O’Hanlon asked whether there are any structural reforms the Department of Defense could implement to promote the task force’s recommended changes. Moulton cited the example of the Marine Corps, which is undergoing a fundamental assessment of all the assumptions that underlie the Corps’ mission. Banks said that “if the department utilized the authorizations it already has that grants the type of flexibility that already exists, it could foster the type of innovation that it’s going to take to compete … Yet the attitude within the department of the Navy [and] the Air Force is very much in contradiction to what [we] have determined through our efforts in developing this report.” He stressed “I do think this is far more attitudinal and far less structural.”
On how to pay for their proposals, Moulton stressed that even without further growth in the defense budget following the economic impacts of the COVID-19 pandemic, their recommendations are achievable, particularly if needed investments in areas like artificial intelligence are made by making difficult choices about what existing systems and capabilities are obsolete.

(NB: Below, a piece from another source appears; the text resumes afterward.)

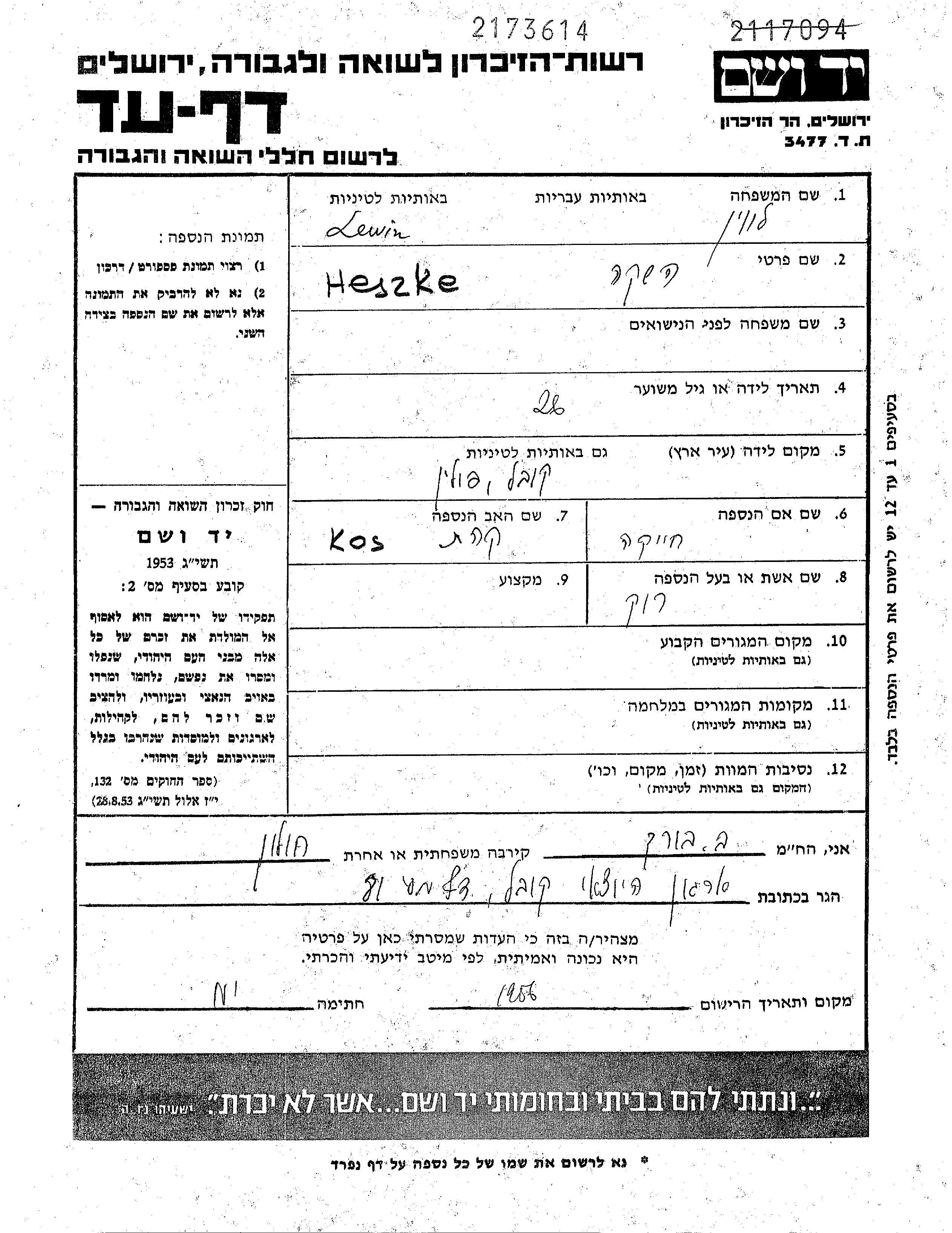 Heszke העשקע Lewin נולד בKowel שבפולין בשנת 1913. לפני מלחמת העולם השניה התגורר בKowel שבפולין.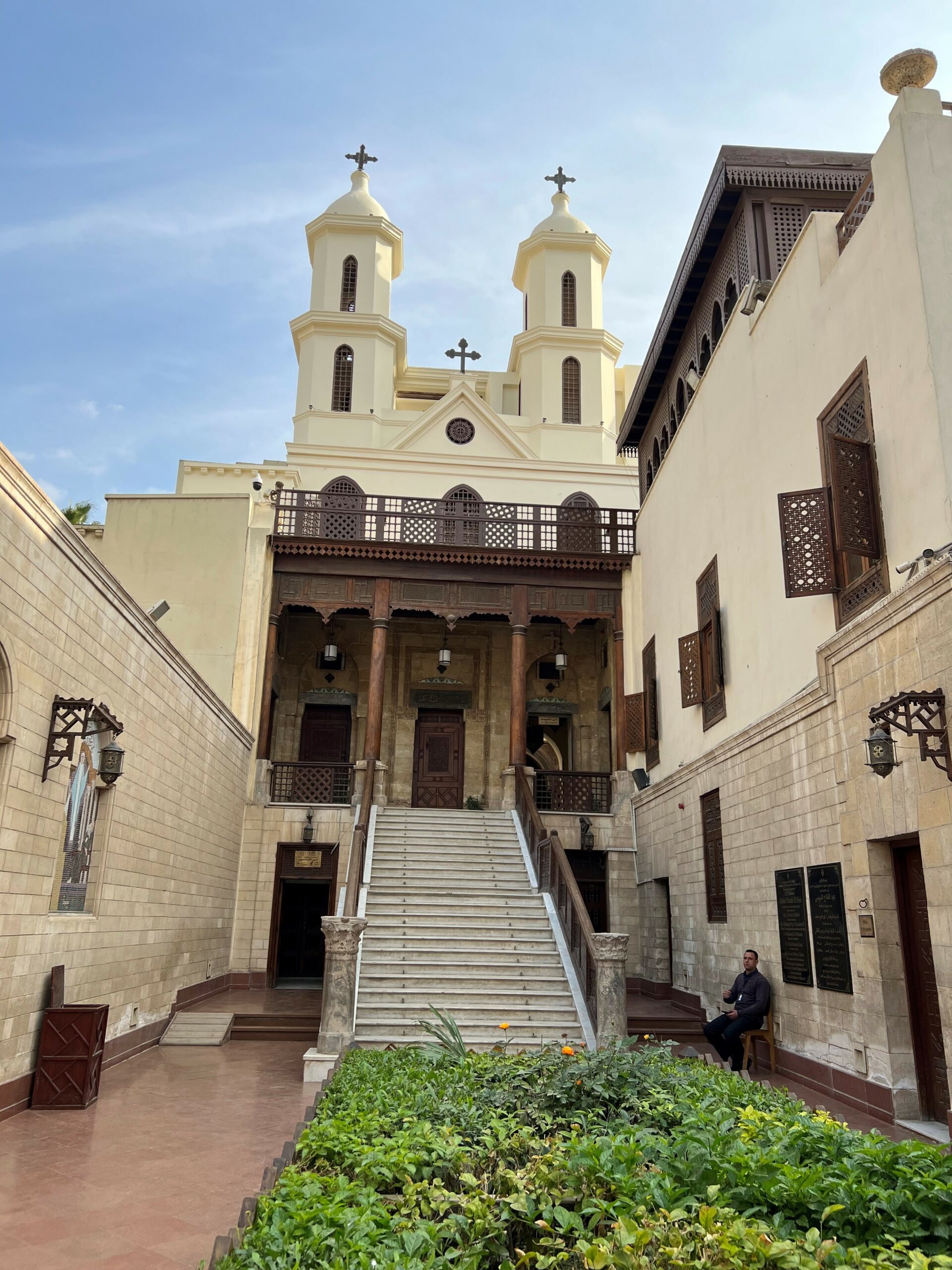 Η Ιερά Πατριαρχική Μονή του Αγίου Γεωργίου που ομολόγησε την πίστη του και βασανίστηκε ο ομώνυμος Άγιος βρίσκεται στο παλαιό Κάιρο. Εκεί υπάρχει μέχρι σήμερα η κρύπτη και το πηγάδι της Παναγίας όπου η παράδοση λέει ότι κρύφτηκε για αρκετό διάστημα η Παναγία με το Χριστό. Σήμερα είναι ένα από τα πλέον πυκνοκατοικημένα προάστια του Καΐρου, με μοναστήρια, ναούς και Κοιμητήρια. Εκεί, σώζεται το αναφερόμενο από τον Στράβωνα και άλλους συγγραφείς ρωμαϊκό φρούριο της Βαβυλώνας. Ο ηγούμενος της εκκλησίας πάτερ, Δαμασκηνός Αλαζράη μάς λέει «Το Μοναστήρι είναι πόλος έλξης, όχι μόνο για τους Ορθοδόξους, αλλά και για τους Κόπτες, Καθολικούς και Μουσουλμάνους. Άνθρωποι απ’ όλα τα μέρη της Αιγύπτου και του υπόλοιπου κόσμου συρρέουν στο Μοναστήρι, προκειμένου να προσευχηθούν στην εικόνα του Αγίου. Η εικόνα αυτή διασώθηκε από την καταστροφική πυρκαγιά του 1904, η οποία κατέκαψε το ναό». Παρατηρήστε τον τρούλο του ναού που ζωγράφισε ο Παρθένης. Λίγο πιο κάτω με τα πόδια θα δείτε και τη κρεμαστή εκκλησία.

On supply chains, O’Hanlon asked if the nation’s reliance on foreign suppliers is a weakness. Moulton pointed to the difficulty the U.S. has faced in acquiring personal protective equipment from abroad during the pandemic, and said: “The United States has to ensure supply chain resiliency within both the military and civilian sectors.” On the future of the defense industrial workforce, Banks noted:
There are a lot of other items that we tackle from fostering the type of talent that we need domestically through legislative efforts to increase the STEM [science, technology, engineering, and math] skills of American students to foster this type of innovation. And also, better partnerships with Silicon Valley, with innovators around the country to foster the type of technology and innovation that we need to compete with China and Russia as well.
Moulton pointed out that in order to invest in future technologies, “it also means you have to invest more in things like education, which we’ve known since the 1950s is so critical to our leadership in national security.”

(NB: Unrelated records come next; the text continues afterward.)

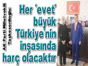 Nisan ayında yapılması planlanan anayasa değişikliği referandumunda toplumun kahır ekseriyetinin evet diyeceğini savunan AK Parti Erzurum Milletvekili Zehra Taşkesenoğlu, "Yeni ve büyük Türkiye'nin inşası için, inanıyorum ki aklıselim herkes bu referandumda tercihini 'evet'ten yana kullanacaktır" dedi.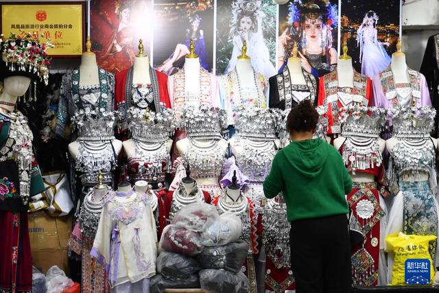 11月6日,游客在凤凰古城一家旅拍店内准备着装。
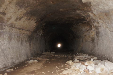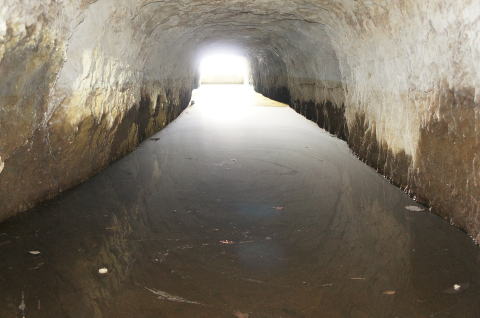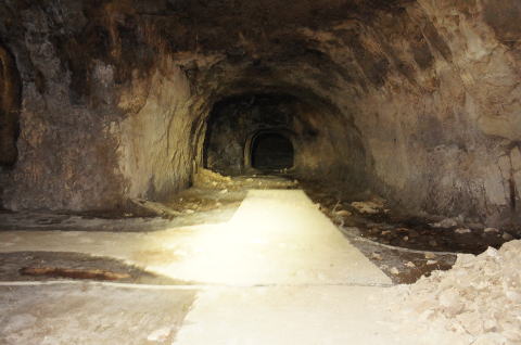メイン横坑に戻ってきました。 コンクリートのラインが流麗ですなあ! |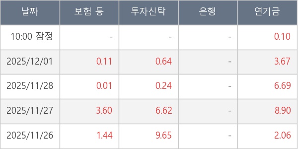 [표] 주요 기관별 순매매량 (단위 만주)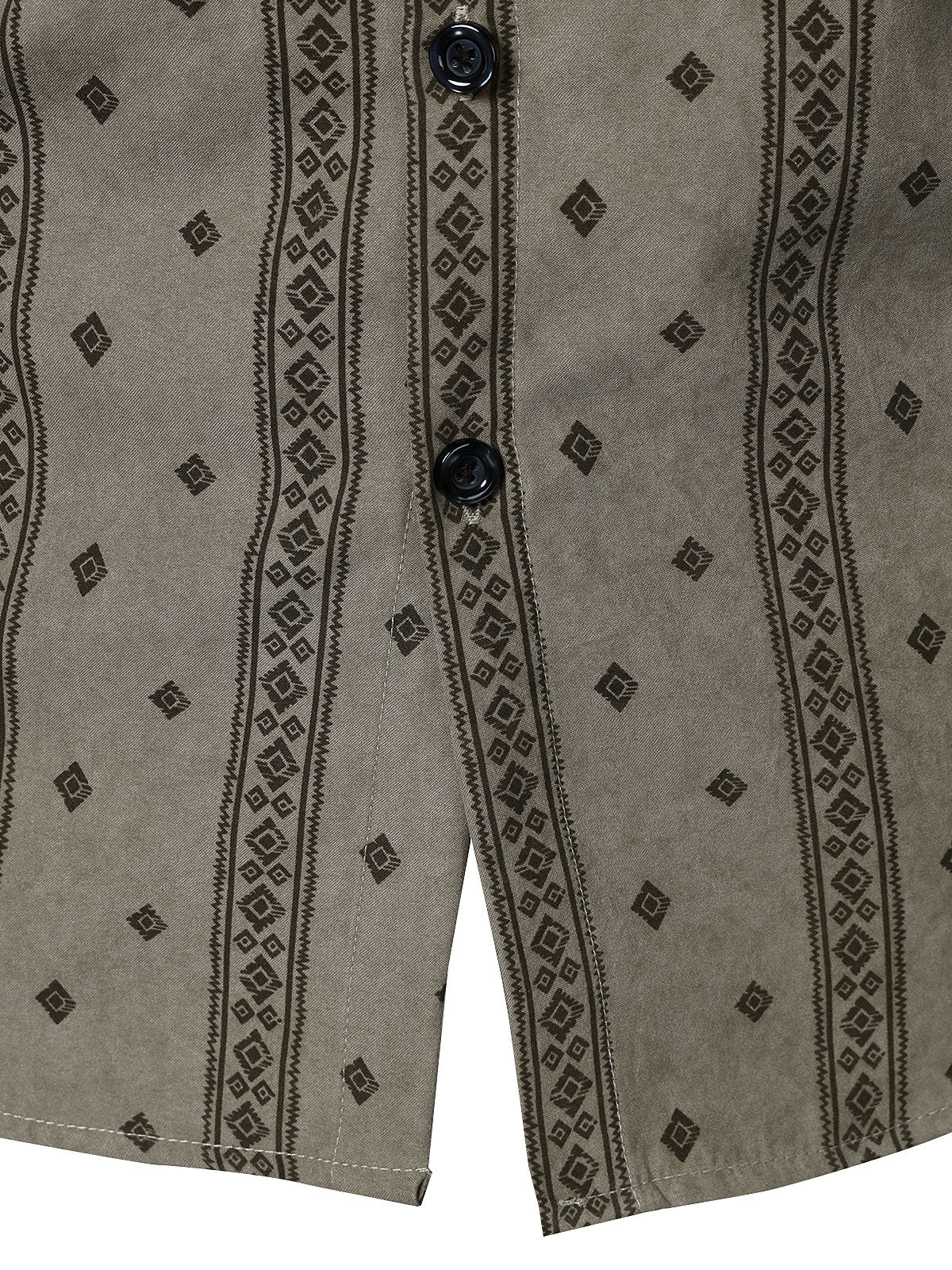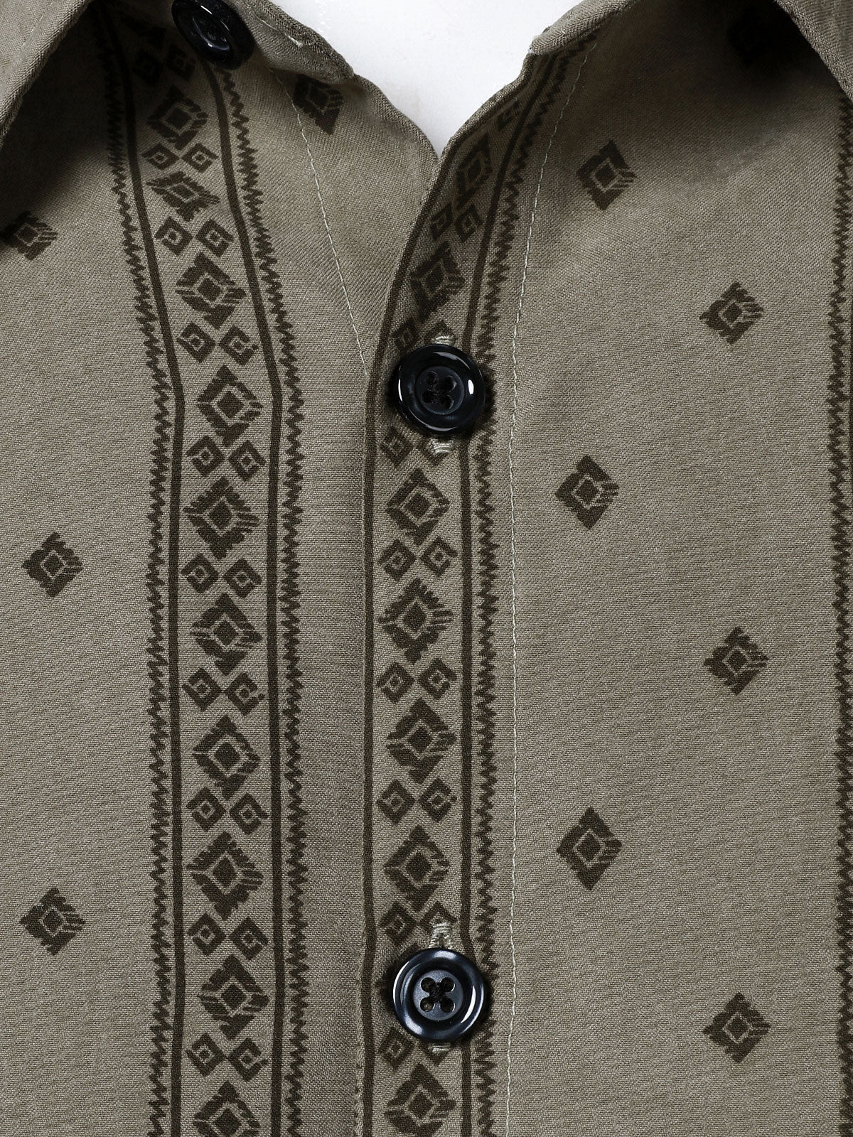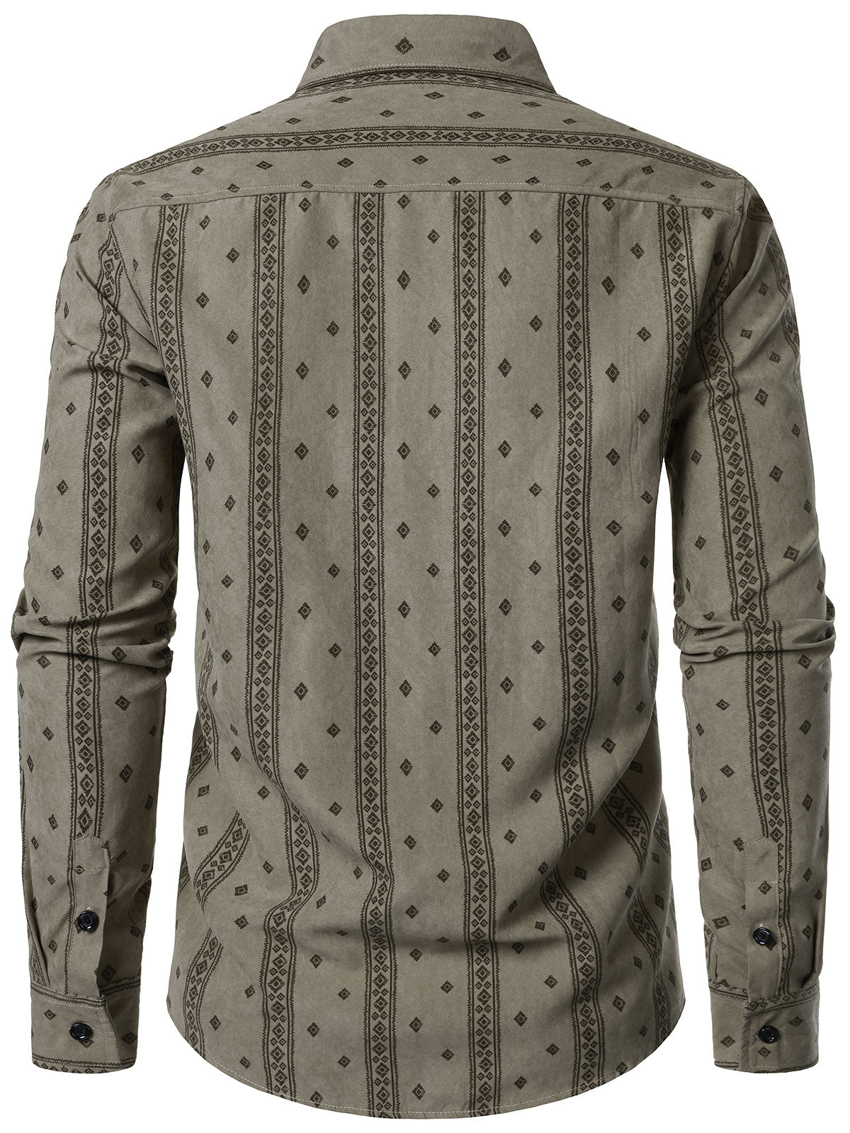 Men's Retro Striped Print Button Up Long Sleeve Shirt

O’Hanlon asked about the report’s suggestion that in addition to developing better defense concepts, the department needs to develop more of a whole-of-government approach to find what may be non-kinetic, non-lethal responses to threats that don’t involve core U.S. security interests. Moulton said: “We’ve got to be better prepared for it in terms of how we train our troops [and] in terms of the general operational concepts that we study at the Department of Defense.” On the importance of alliances, Banks raised the example of Huawei, and said: “We can’t fight back against Huawei if all our strongest allies are adopting it. And this is why these alliances matter, this is why our relationships with our NATO allies especially in the fight against Huawei is so significant.”

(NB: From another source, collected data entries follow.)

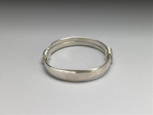 銀銅合金手鐲,全器由一扁平金屬條彎繞成一圓環。中段稍厚而兩端漸細,兩末端皆成為迴旋纏繞之金屬圈,可調整手鐲大小並兼具裝飾功能。手鐲正面光素無紋。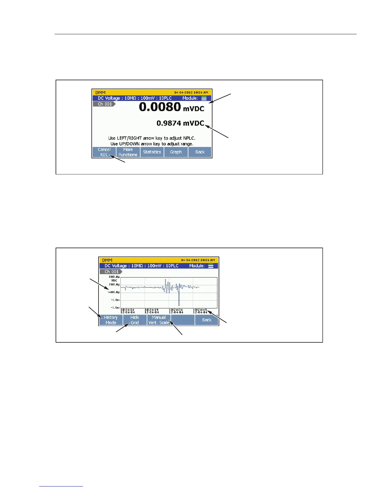 The DMM has a graph feature that lets the user display the measurement data in a graph.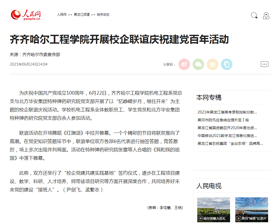 人民网:齐齐哈尔工程学院开展校企联谊庆祝建党百年活动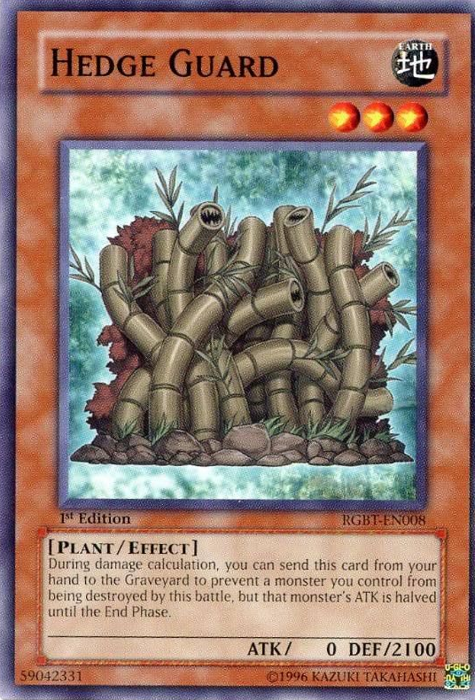 During damage calculation, you can send this card from your hand to the Graveyard to prevent a monster you control from being destroyed by this battle, but that monster's ATK is halved until the End Phase.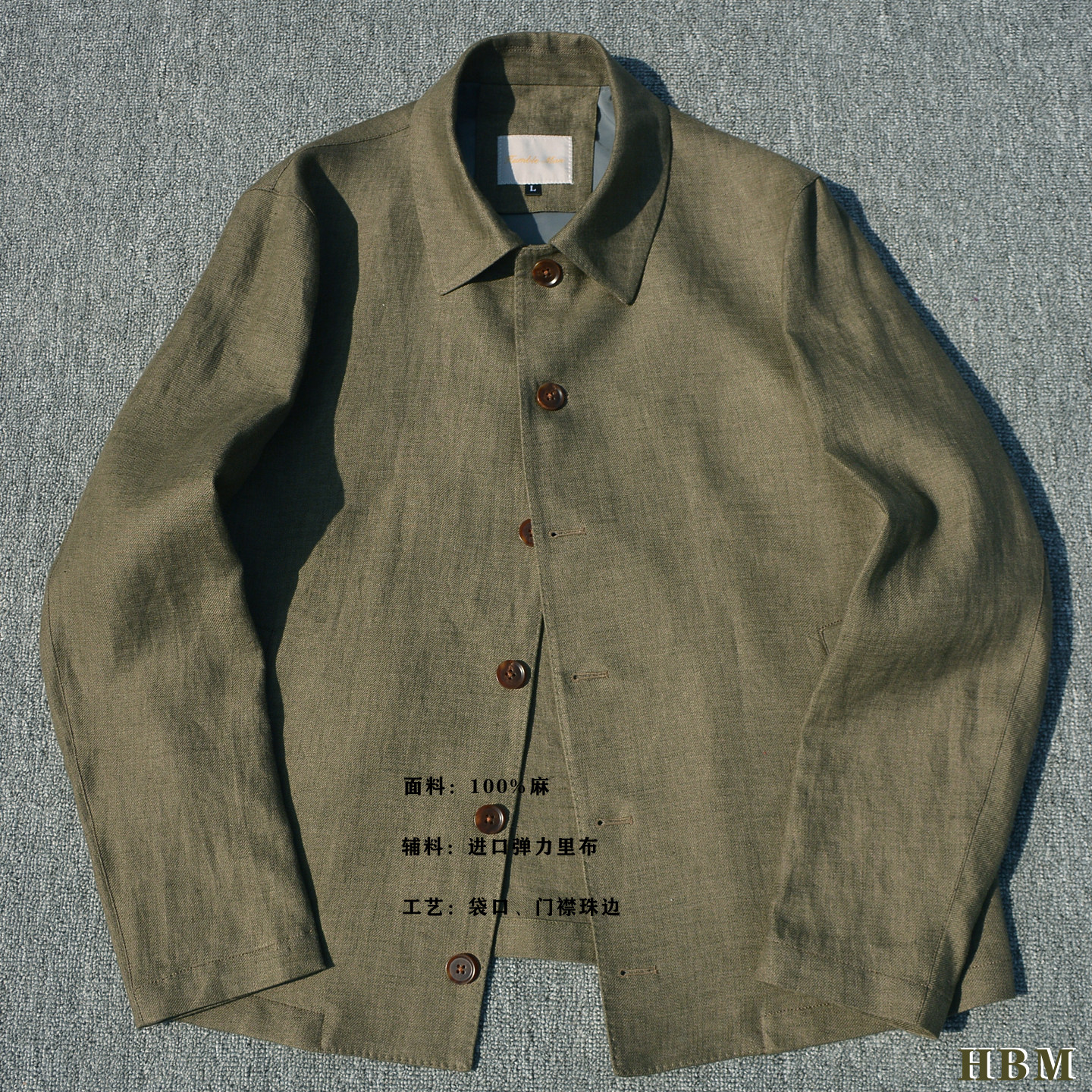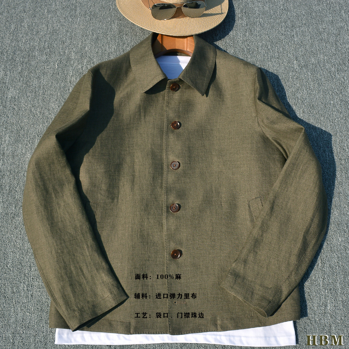 款 短夹克男女 橄榄绿100麻半夹里商务休闲翻领外套纽扣衬衫 HBM新款由

One of the final points O’Hanlon raised was the role of Congress in protecting expensive, obsolete bases and legacy systems, making it an obstacle to the implementation of the reforms the task force recommends. Moulton said:
We’ve said this isn’t a race that we might lose, this is a race that right now, today, we are losing. And if that does anything to appropriately strike fear in the minds of American citizens but also of our colleagues in Congress, I hope we’re successful there … [and] we’ve come to these truths in a fully bipartisan way.
Banks said that he doesn’t know if the report will change attitudes in Congress, but stressed that newer members like him and Moulton are a sign that the next generation in Congress will take these issues more seriously.